III. Employers Are Unlikely to Abuse Their Right to Monitor

          While some commentators take a principled stand and reject all employer monitoring of employee Internet use, many would agree that if the sole motivation for monitoring employees' Internet usage was to detect crimes and maintain a safe and respectable work environment, an employer's right to monitor electronic activity would be less objectionable. Thus the right itself is not as objectionable as the potential for that right to be abused. Many commentators fear that employers may use their ability to monitor to turn the workplace into an "electronic sweatshop" or use the information obtained through their surveillance to the detriment of the employee.59 These fears are reasonable given the fact that employers typically possess substantial bargaining power. Anecdotal evidence of employee monitoring at its worst includes stories about an employees being fired for inappropriate comments about a supervisor in emails to co-workers, chair devices that monitor worker "wiggling" in the belief that more wiggling means less work, and employer monitoring of bathroom use that includes publication of a schedule of total bathroom minutes per employee.60 However, employers actually have little incentive to abuse their monitoring privilege because it does not promote a productive work environment. Moreover, if information gathered through electronic monitoring were improperly handled, the employer could very well be subject to substantial liability.

          As discussed in Part II, monitoring employee Internet use is one tool to prevent shirking. Where extended water cooler stops and smoke breaks are easily identified and checked, it is far more difficult for the employer to determine whether an employee is actually being productive while using the Internet, especially if the difficulty of the task varies or an employee's contribution is not able to be easily identified. Thus, electronic monitoring software that records and consolidates information on how that employee is using her computer helps overcome this information asymmetry. Of some objection is the fact that electronic monitoring is so comprehensive that every detail is recorded. As one commentator asserts: "Worst of all, the supervisor isn't even human. Employees must labor at top speed under the view of unwinking computer taskmasters that record every item of work completed, along with every mistake, rest break and deviation from standard practice."61 The fact that an Internet monitoring system will record every detail, however, distorts the nature of the employer's objective and the reality of the threat.

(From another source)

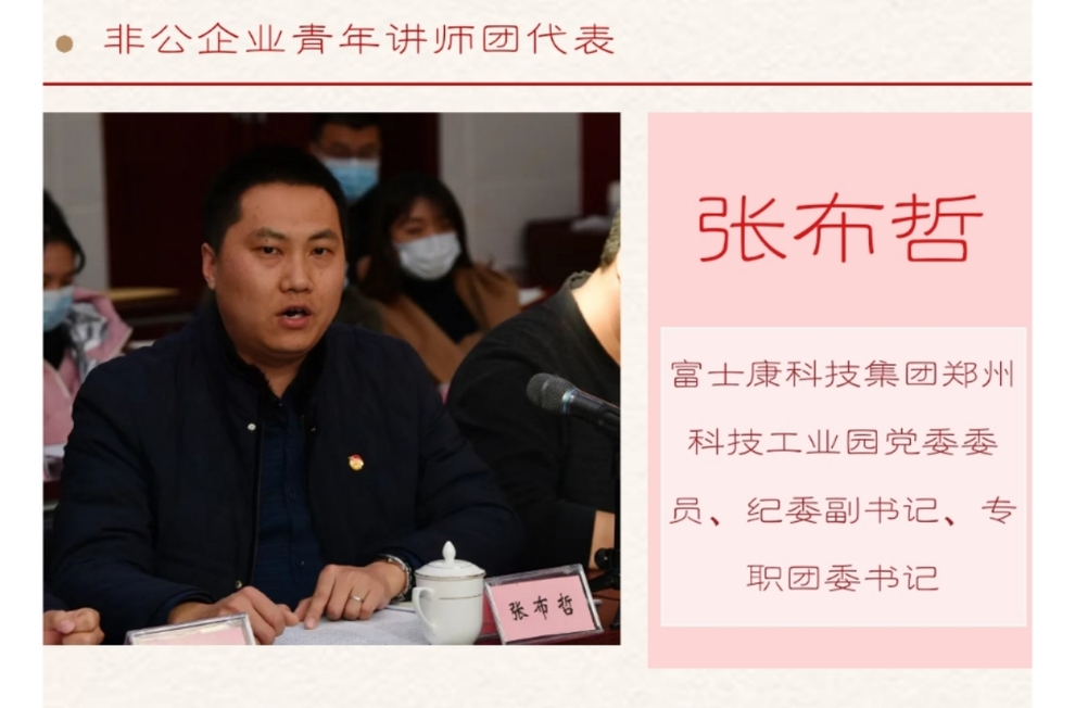 富士康科技集團鄭州科技工業(yè)園專職團委書記、鄭州青年講師團成員張布哲把多年來從事基層團建和青年工作對共青團的理解概括成三句話:“共同的信仰,青年的夢想,團結(jié)的力量”,面對基層青年“2035,中國是什么樣?自己是什么樣?”的憧憬之問,他總是通過頭腦風(fēng)暴和上臺分享,再結(jié)合全會勾畫的明確藍圖,讓青少年更加直觀的理解遠景目標(biāo),互動參與式的課程得到大家的認可。他說:“開啟新征程,你我皆是趕路人。作為青年講師團成員,我們一要學(xué)深悟透會議精神,結(jié)合鄭州未來發(fā)展規(guī)劃,持續(xù)學(xué)習(xí)宣傳貫徹好黨的十九屆五中全會精神,將會議精神快速傳達給廣大青少年;二要學(xué)以致用,引導(dǎo)廣大青少年在鄭州發(fā)展新征程中找準(zhǔn)定位,做好職業(yè)發(fā)展規(guī)劃,立足自身,敢于擔(dān)當(dāng),勇于作為,積極投身全面建設(shè)社會主義現(xiàn)代化國家的偉大實踐!
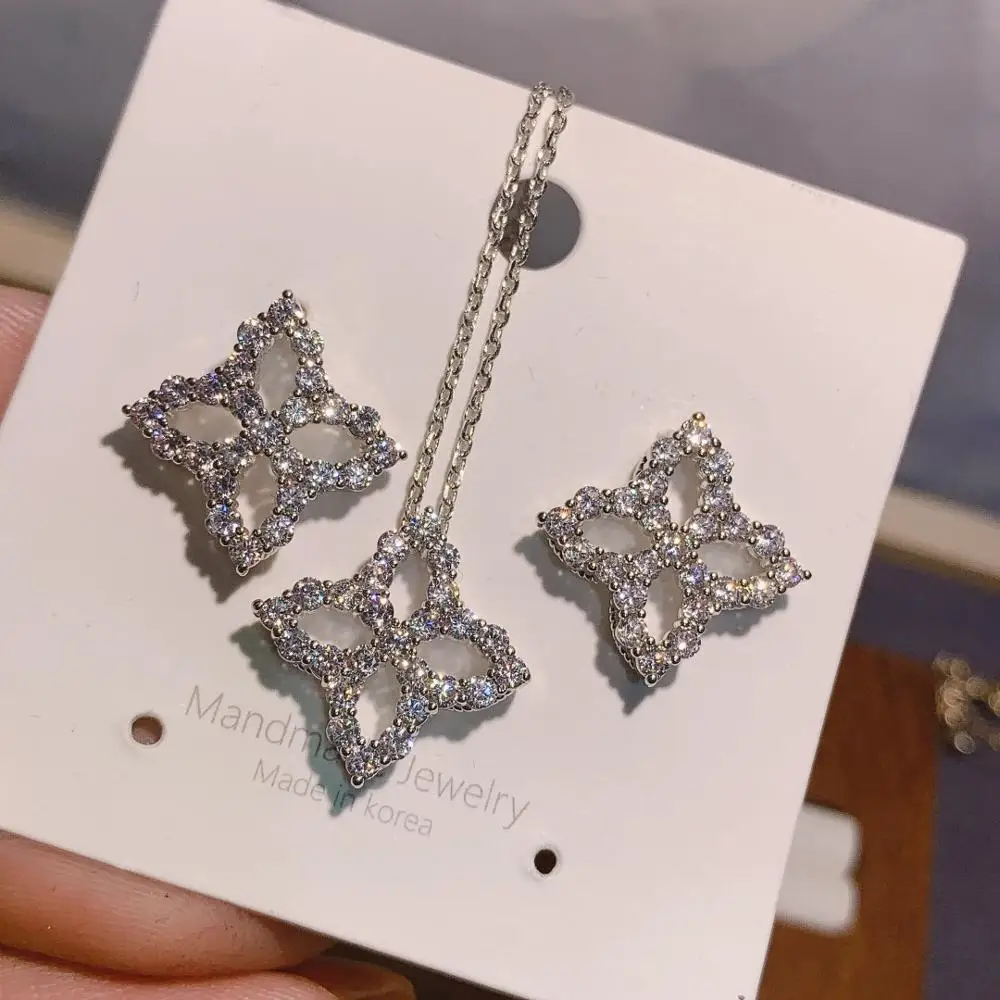 HIBRIDE Роскошный прозрачный кристалл циркония серьги и ожерелье на...

          Employers seek to maximize productivity, but they must do so with an understanding that they are dealing with employees who are limited by their own human nature. Even the finest employee may be guilty of the occasional ESPN.com break and this deviation is perfectly acceptable so long as that employee is productive relative to his peers.62 An employer is aware that a Google search for a doctor is entirely that employee's own business and that permitting employer resources to be used to that end will likely increase productivity by saving time. With regards to those occasions where an employee speaks out against management to a third person, many times employers will respect co-worker communications so long as they do not disrupt the work environment. In those cases where an employer does take action against the employee it is often justified, as employers should not be required to tolerate subversive commentary that achieves no constructive purpose. Furthermore, being caught chatting about inappropriate topics over email is almost indefensible if notice of monitoring has been provided.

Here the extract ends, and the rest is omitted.